Bank of Thailand Tests its Central Bank Digital Currency with Large Businesses Before Official Debut

Brian Njuguna   Jul 17, 2020 02:00 2 Min Read

The Bank of Thailand (BoT), Thai’s central bank, is already utilizing its central bank digital currency (CBDC) for financial transactions with various big businesses.

Bank of Thailand .jpg

As reported by a local news outlet on July 16, this development ushers in the third development phase of the nation’s CBDC before a public debut. 

Hong Kong Monetary Authority Involvement

According to the announcement, The Bank of Thailand intends to carry out transactions using the CBDC with the Hong Kong Monetary Authority come September. 

BOT assistant governor, Vachira Arromdee, noted:

“The central bank is also thinking about expanding use of the cryptocurrency to the general public, but a comprehensive study must be completed before taking such action.”

She added the digital currency’s emergence could eliminate the urge for intermediaries when undertaking financial transactions; hence, driving the cost down. Arrmodee cited China by stipulating that the digital currency’s public usage as tokens had not compromised its financial system.

Volatility addressed

The BOT views the usage of its CBDC as a step forward because it will be backed by real assets like the nation’s international reserve. As a result, this digital currency will be stable as compared to Bitcoin. 

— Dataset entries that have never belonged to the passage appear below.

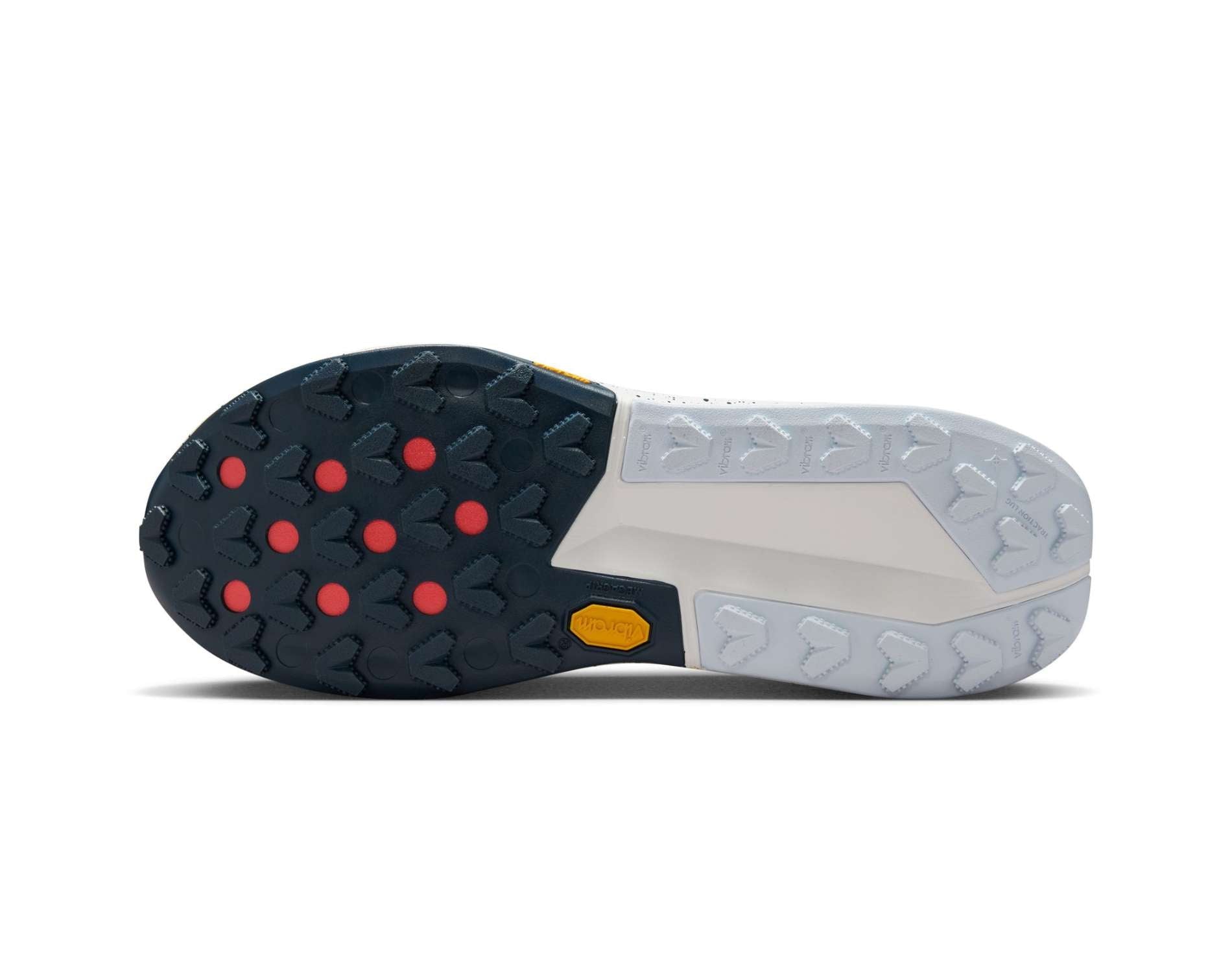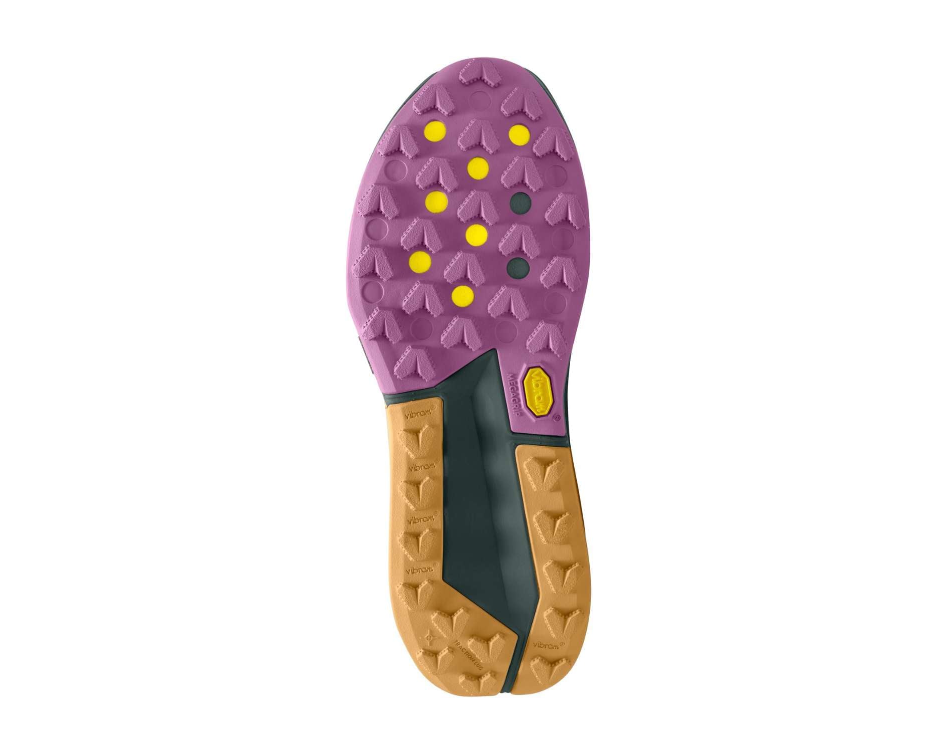 Vibram Zegama outsole made with Vibram Megagrip has a diverse lug pattern highlighted with wide spacing. This means you get traction for more technical terrains.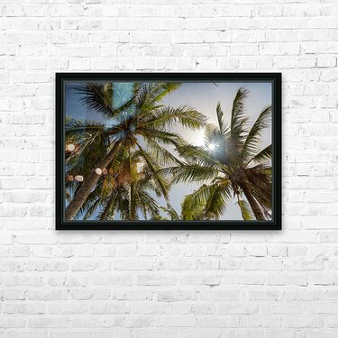 Soaking up the tropical sun and warm temperature as we look up at the coconut trees feeling the rays of the sun. Fine art nature landscape photograph...[+]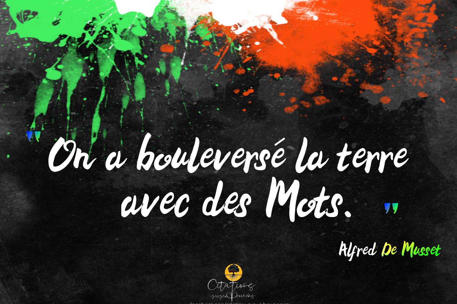 Poésie On a bouleversé la terre avec des Mots. 62 Share On a bouleversé la terre avec des Mots. Alfred De Musset 62 Share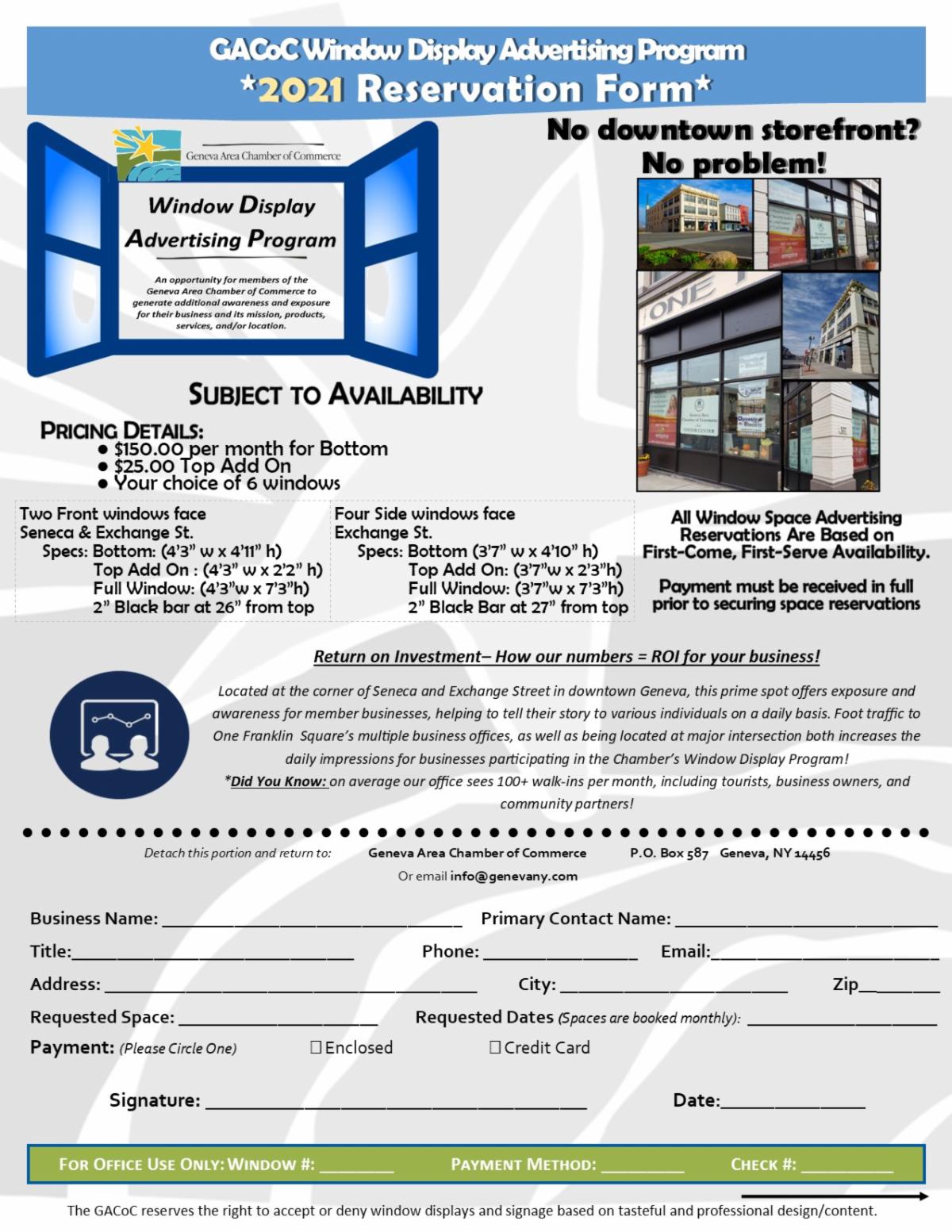 Contact the Chamber to sign up at 315-789-1776 or email info@genevany.com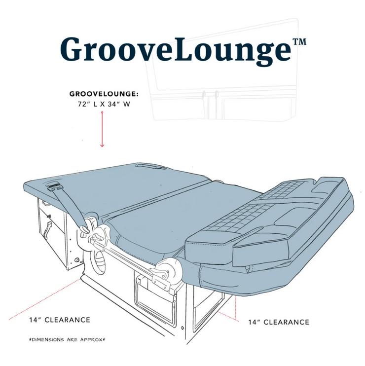 - Sleep mode: Yes, that’s right. The GrooveLounge turns into a twin size bed. Permutations of this mode include slightly elevating either or both sides to provide more of a chaise lounge.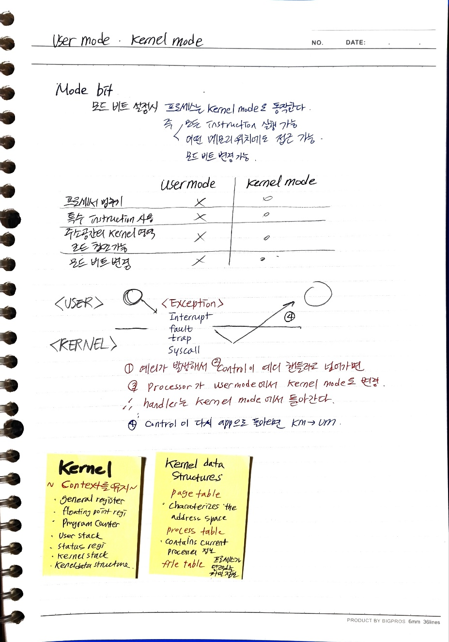 - 커널 모드로 진입한 OS는 HW 자원을 자유롭게 접근하여 쓰고 읽을 수 있다.(입출력/메모리 할당 등)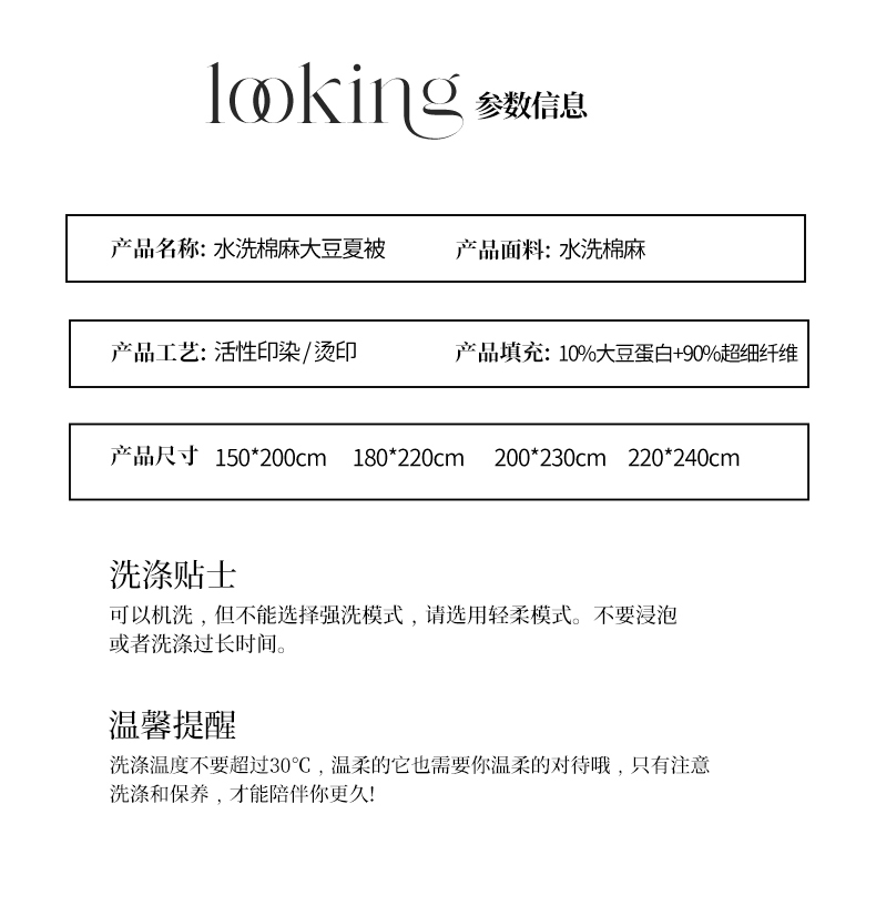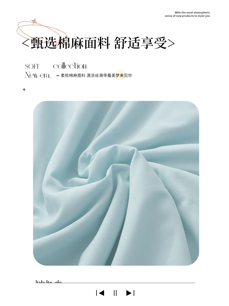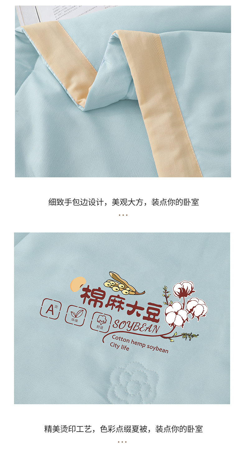 商品名称:薇玛仕 2026直播爆款水洗棉麻大豆夏凉被纯色手工包边空调被 棉麻-天蓝

A public rollout is being supported by Thakorn Piyapan, the head of the Krungsri Consumer Group, as he believes it will propel e-wallets and mobile banking. Additionally, it will slash the cost of using and printing banknotes. 

Nevertheless, Arrmodee stipulated that the central bank was delving deeper into the public usage of the CBDC through e-wallets by weighing the pros and cons. For instance, the impact it has on the nation’s financial stability. 

CBDC seems to be ripe for adoption as various countries are gearing towards this digital asset. For example, Japan recently revealed its intention to include it in the formal economic plan to boost international coordination and transactions.